INHALT: Die zu Beginn dieses Jahrhunderts vor allem von David Hilbert begründete Axiomatische Methode der Mathematik hatte das Ziel, die gesamte Mathematik auf eine endliche Anzahl von Axiomen zurückzuführen, aufgrund derer sich mit einer Entscheidungsprozedur für jede mathematische Aussage zumindest im Prinzip auf rein mechanische Weise feststellen läßt, ob sie richtig oder falsch ist.
Dieser Ansatz erwies sich als undurchführbar: Nach einem vielzitierten Satz von Gödel gibt es in jeder mathematischen Theorie, die mindestens die natürlichen Zahlen enthält, wahre Aussagen, die sich nicht aus den Axiomen herleiten lassen.
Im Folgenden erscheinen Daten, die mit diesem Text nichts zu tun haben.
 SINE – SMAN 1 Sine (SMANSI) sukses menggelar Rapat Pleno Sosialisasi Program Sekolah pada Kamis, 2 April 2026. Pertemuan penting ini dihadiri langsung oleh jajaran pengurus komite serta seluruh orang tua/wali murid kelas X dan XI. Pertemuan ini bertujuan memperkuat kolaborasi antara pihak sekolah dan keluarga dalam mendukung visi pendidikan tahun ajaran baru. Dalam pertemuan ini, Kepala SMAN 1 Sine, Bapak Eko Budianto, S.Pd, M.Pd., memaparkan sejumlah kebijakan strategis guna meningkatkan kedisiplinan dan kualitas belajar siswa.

Weitere Arbeiten von Turing und Rice lieferten konkrete unentscheidbare Probleme der Berechenbarkeitstheorie wie etwa das Halteproblem für Turing-Maschinen und zeigten die Unmöglichkeit einer Entscheidungsprozedur selbst für die beweisbaren Aussagen einer Theorie. Inzwischen kennt man konkrete unentscheidbare Probleme auch in der Zahlentheorie (Lösbarkeit diophantischer Gleichungen) und der Analysis (Gleichheit reeller Funktionen, Lösbarkeit reeller Gleichungen, Langzeitverhalten der Lösungen von Differentialgleichungen bei chaotischen Systemen, Konvergenzverhalten numerischer Iterationsverfahren, Fraktale); auf der anderen Seite weiß man aber auch, daß es beispielsweise für die euklidische Elementargeometrie eine Endscheidungsprozedur gibt.
Im Seminar sollen die wichtigsten Sätze dieser Art vorgestellt und -soweit möglich- bewiesen werden; daneben sollen auch weitere Entwicklungen wie Chaitins Algorithmische Komplexitätstheorie vorgestellt werden und die Konsequenzen unentscheidbarer Probleme für die Mathematik diskutiert werden. Als Beispiel dafür seien etwa die umstrittenen Thesen von Penrose erwähnt (siehe etwa sein Buch Shadows of the mind), wonach aufgrund der Gödelschen Sätze viele Ziele der Künstlichen Intelligenz prinzpiell unerreichbar sind und ein Computer insbesondere nie ein menschliches Gehirn simulieren kann - selbst wenn es nur um mathematisches Schließen geht.
Ähnlich wurde auch von Juristen schon argumentiert, daß aufgrund der Gödelschen Sätze kein Gesetzessystem für sich allein das vom Richter zu sprechende Recht festlegen kann.